For All Mankind co-creators talk about Season 5’s Mars set as the Apple TV series “becomes more sci-fi”

For All Mankind season 5 premiered on Apple TV+ on March 27.

The series is one of the strongest science fiction stories on Apple TV. The platform is not the biggest, so many people have not yet discovered it. The co-creators, Ben Nedivi and Matt Wolpert, push the show further into hard sci-fi by focusing on the massive expansion of the Happy Valley colony on Mars.

If you want to watch, pay close attention to the production design. The Mars mission control set is especially impressive. Every button has a clear purpose, and the details are carefully planned. The team behind the show works with great precision, even if most viewers do not notice the effort.

Continue reading more about the story.


For All Mankind: Ben Nedivi and Matt Wolpert speak about the Mars mission

The creators of the show spoke to Gizmodo regarding the 360-degree Mars mission control set in For All Mankind. They said,

“We are pretty sure we can actually launch a spaceship from this room. There’s not a button here that wasn’t thought through. Everything on these sets is thought through in terms of why it’s there, what purpose it serves, and that goes to almost every set on the show.”

The show will finish with its sixth season. By the time it ends, it will look very different from how it began. Each season moves forward about ten years, which changes the style of the series as well as the technology it represents. The story has moved quickly, and the design has shifted with each step. According to Ben, the series made it more challenging to keep the production design grounded. He said,

“It’s getting harder as the show becomes more science fiction.
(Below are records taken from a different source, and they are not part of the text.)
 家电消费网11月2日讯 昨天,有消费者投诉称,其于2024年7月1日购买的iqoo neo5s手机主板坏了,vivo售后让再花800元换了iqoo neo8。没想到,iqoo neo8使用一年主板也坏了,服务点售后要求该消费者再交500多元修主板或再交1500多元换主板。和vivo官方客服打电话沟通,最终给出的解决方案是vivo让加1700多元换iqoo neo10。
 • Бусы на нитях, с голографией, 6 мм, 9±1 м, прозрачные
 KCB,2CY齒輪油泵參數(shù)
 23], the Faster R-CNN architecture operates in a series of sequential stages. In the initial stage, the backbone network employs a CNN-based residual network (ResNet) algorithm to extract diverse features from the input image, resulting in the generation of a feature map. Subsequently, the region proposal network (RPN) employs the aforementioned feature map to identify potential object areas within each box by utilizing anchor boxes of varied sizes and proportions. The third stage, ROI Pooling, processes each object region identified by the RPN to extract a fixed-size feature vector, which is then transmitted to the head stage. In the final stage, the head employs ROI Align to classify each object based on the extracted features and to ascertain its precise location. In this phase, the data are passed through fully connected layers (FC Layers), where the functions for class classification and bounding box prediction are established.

But this year is especially exciting because it’s the buildup of identity. People living on Mars, it’s a home. The fact that we’re able to tell that story and get to the end is incredible.”

Ben also said,

“For the history of the show, season one, mission control, the basis of everything was in Houston. And this is the first time our mission control, the center of operations, is on Mars. So building this set really represents where the show is, how the show has grown, how it’s evolved over the season. So we really felt like this is the place for you guys to see how the show has changed and evolved.”
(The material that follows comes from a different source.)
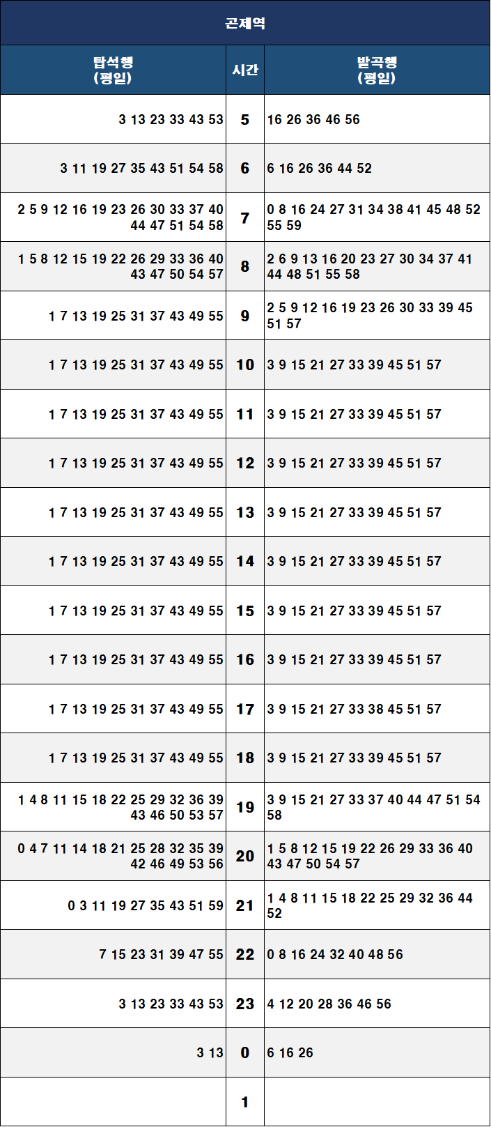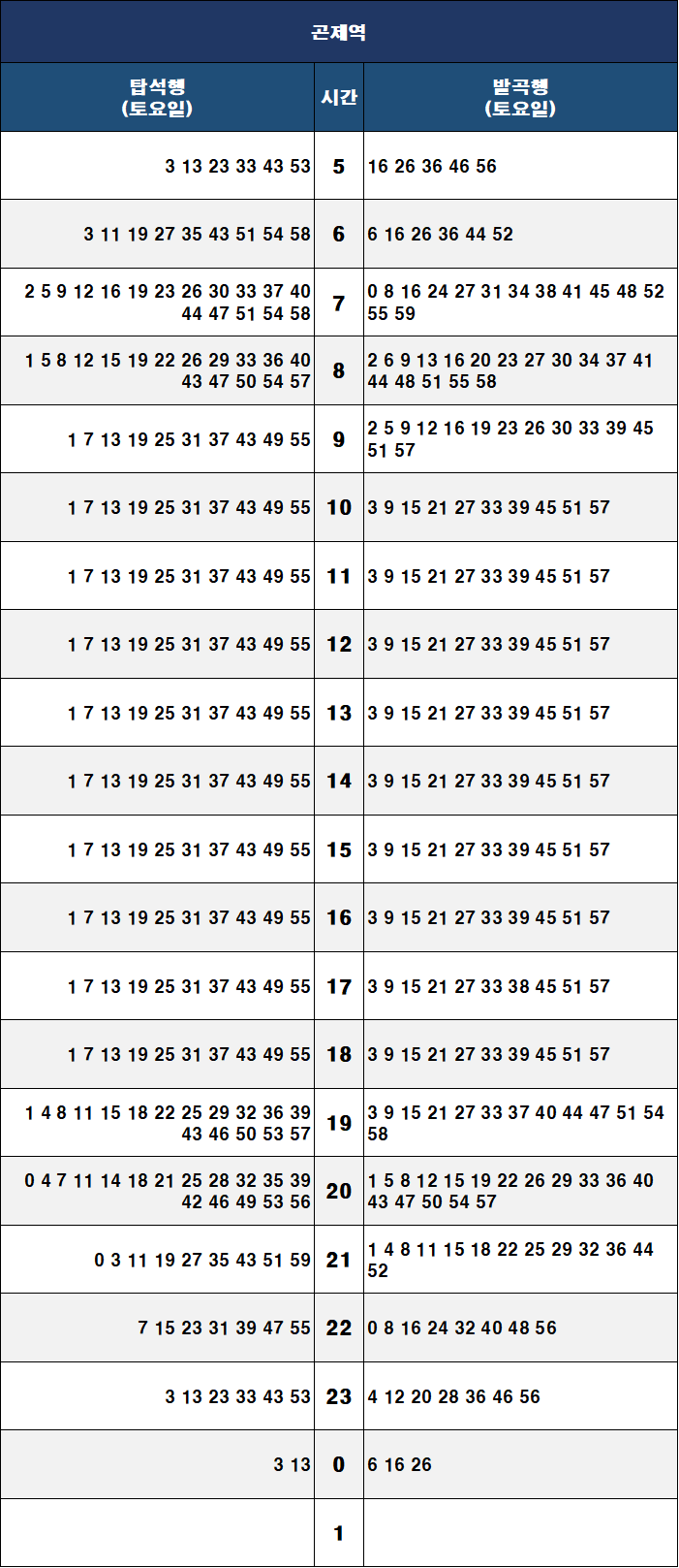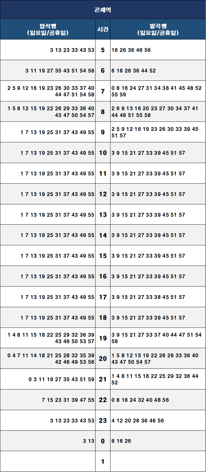 시간표 참고하여 출퇴근 및 여행일정 세우시기 바랍니다.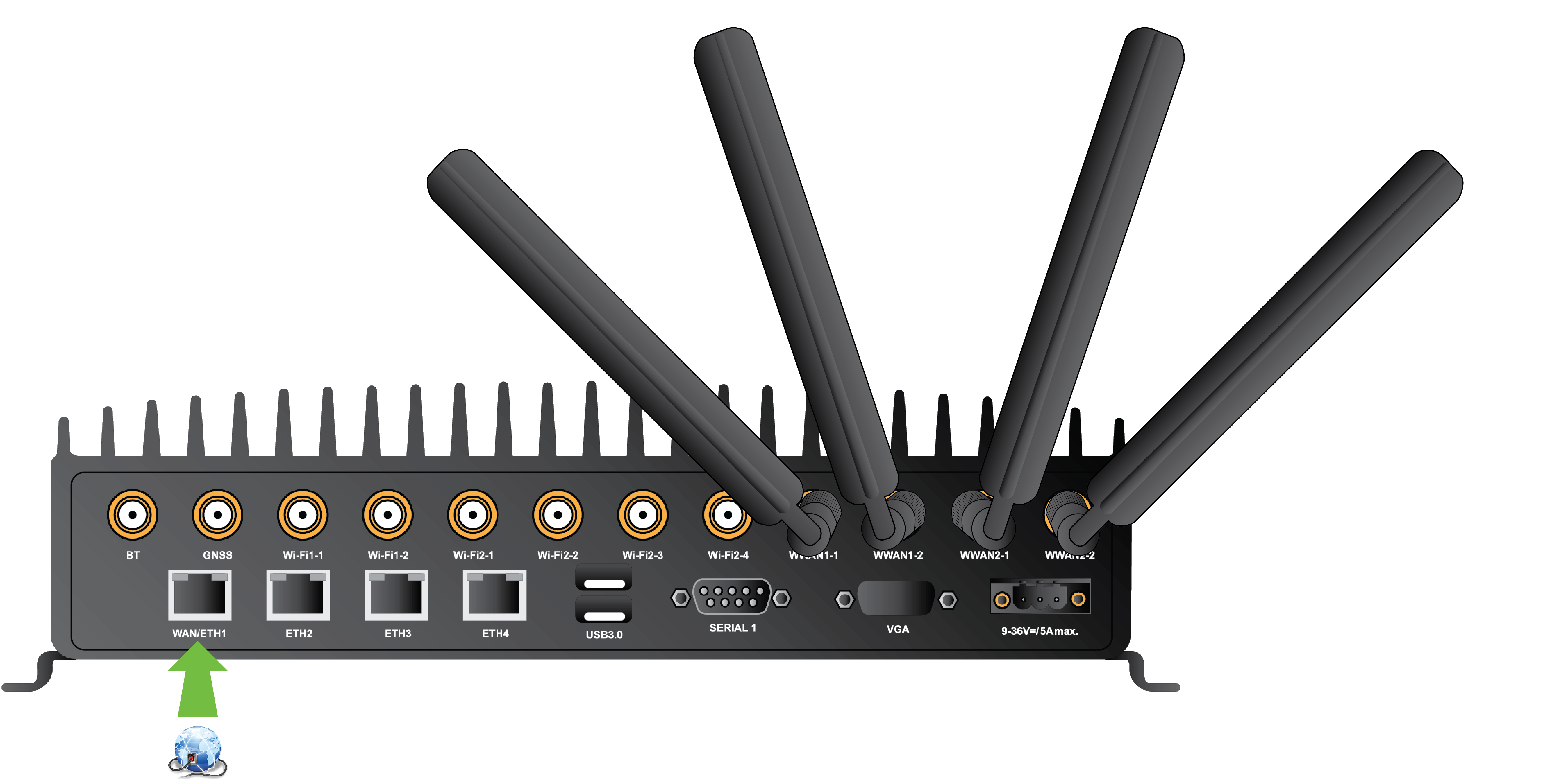 Using an Ethernet cable, connect the TX64's WAN/ETH1 port to the internet, such as an office network or LAN Ethernet port in an office environment.

For All Mankind: Mars as launch pad

Going beyond Mars would make it very hard to keep mission control linked to real technology. Since season 5 of For All Mankind takes place in the 2010s, the sixth season will move into the 2020s. This gives the creator many real examples to use if they want to update the mission control set.

For All Mankind has already been praised by a NASA astronaut for its accuracy, and the team will not want to lose that trust by making it too far removed from real science. For now, the creators are proud of how far the story has gone. Nedivi shared that Mars will act as a launch pad for exploring more about the solar system, including Jupiter and Saturn.